Entries shown:
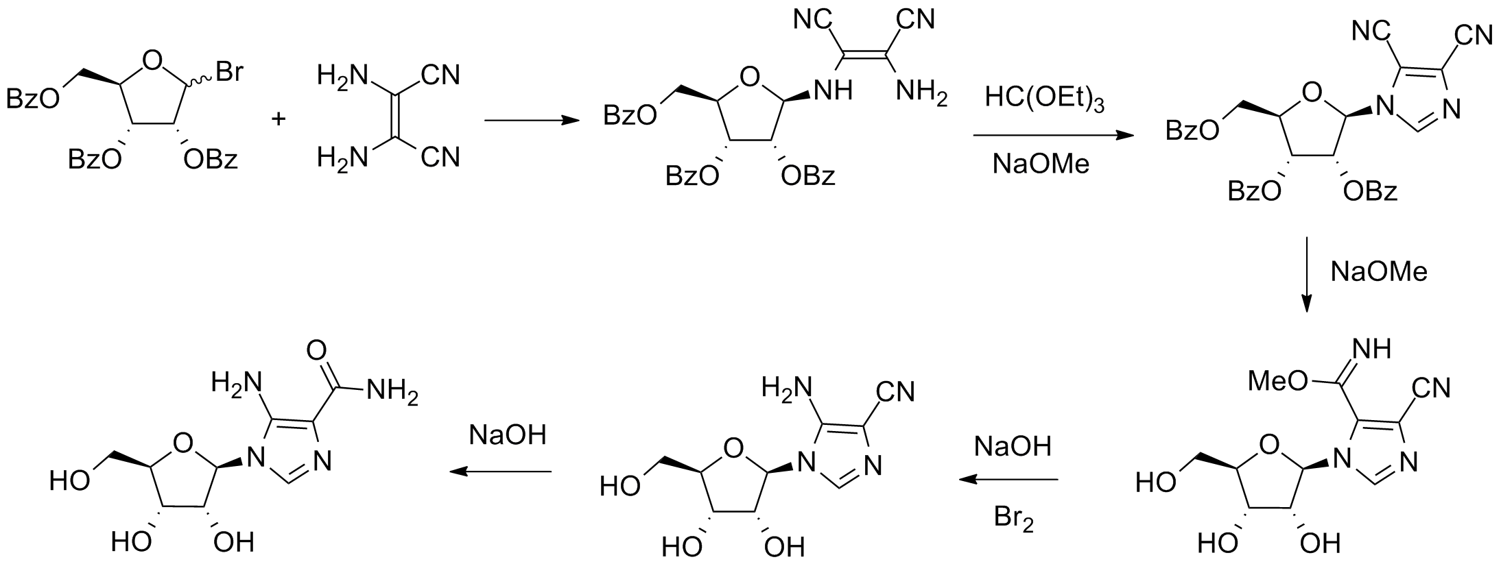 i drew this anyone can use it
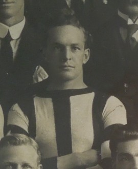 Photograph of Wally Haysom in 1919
* * *
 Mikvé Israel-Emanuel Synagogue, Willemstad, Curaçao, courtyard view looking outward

Exercise brief:
Give again the stretch of lines above from the one with "i drew this anyone can use it" through the one with "Photograph of Wally Haysom in 1919", both ends kept, and copy no pictures.

Result of the task:
 i drew this anyone can use it
 Photograph of Wally Haysom in 1919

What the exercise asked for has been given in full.